外傷や腹腔内にできた腫瘍からの出血が起こっている場合もあります。

高所からの転落や交通事故などで腹部を強打して臓器損傷が起こった場合や、腹腔内に形成された腫瘍が破裂し、そこから出血して血液が貯留している場合もあります。
腹腔内出血では多量の出血によってショック状態に陥っていることも多く、迅速な処置が必要です。

猫の「お腹が膨れている(腹水)」症状の好発品種について

好発する品種はありません。

好発品種は特にありません。

猫の「お腹が膨れている(腹水)」症状の予防方法について

効果的な予防方法はありません。

それぞれの原因疾患を効果的に予防する方法はありません。
健康診断などで早期発見に努めることが重要です。

ストレスを軽減してあげましょう。

猫伝染性腹膜炎の原因は猫コロナウイルスの突然変異ですが、発症にはストレスが関与しているのではないかと言われています。
特に多頭飼育のストレスによって発症することが多いと考えられているため、むやみにたくさんの猫を飼育しない、それぞれのトイレや生活スペース、くつろげる場所を確保してあげる、たくさん遊んであげるなど、ストレスを軽減できるような環境づくりに努めましょう。

室内飼育を推奨します。

感染症や交通事故の予防には、室内飼育を徹底することがある程度効果的と考えられます。
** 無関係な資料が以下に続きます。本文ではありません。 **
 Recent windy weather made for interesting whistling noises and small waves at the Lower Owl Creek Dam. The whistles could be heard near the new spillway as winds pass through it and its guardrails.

猫の「お腹が膨れている(腹水)」症状の治療方法について

原因疾患によって治療は様々です。

腹水が貯留している場合は、まず腹水を抜去してみて、その性状や含まれる細胞の検査を行います。

炎症によって起こっていることが疑われる場合にはどこに炎症が起こっているのかを超音波検査などで調べますが、状況によっては試験回復を行い、原因病巣の検査・切除、腹腔洗浄などの治療を同時に行う場合もあります。
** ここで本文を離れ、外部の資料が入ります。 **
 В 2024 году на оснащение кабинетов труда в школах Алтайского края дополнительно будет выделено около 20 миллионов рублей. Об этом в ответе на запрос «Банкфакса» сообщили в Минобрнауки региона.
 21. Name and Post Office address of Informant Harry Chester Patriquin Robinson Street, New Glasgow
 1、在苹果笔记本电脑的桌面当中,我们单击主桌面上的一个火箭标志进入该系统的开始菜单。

タンパクをほとんど含まない漏出液が抜去された場合には、肝臓疾患や腸の炎症性疾患、糸球体腎炎などの腹腔内臓器の疾患や心臓の機能を検査し、鑑別します。
血液中のタンパクが低下するような疾患の場合、原因疾患に対してそれぞれ消炎剤や肝臓の保護剤、免疫抑制剤などでの治療を行い、臓器の状態を改善させることで血中タンパクの低下を防ぎ、腹水が貯留しないように治療を行います。

心臓疾患には投薬治療を行います。

心臓疾患に伴ううっ血によって腹水が貯留している場合は、心臓の機能を改善させるお薬や利尿剤などを投薬して治療を行います。

猫伝染性腹膜炎を完治させる治療方法はまだありません。

猫伝染性腹膜炎は現段階では難治性の病気です。
ステロイド剤や血管炎を抑える治療薬、インターフェロンなどの投薬は症状の緩和に一定の効果がありますが、持続性はなく、徐々に衰弱して多くの場合は数カ月以内に命を落としてしまいます。

しかし近年は猫伝染性腹膜炎に対する新しいお薬が開発され研究されています。
一部の症例では効果があったという報告もあり、これからの報告が期待されています。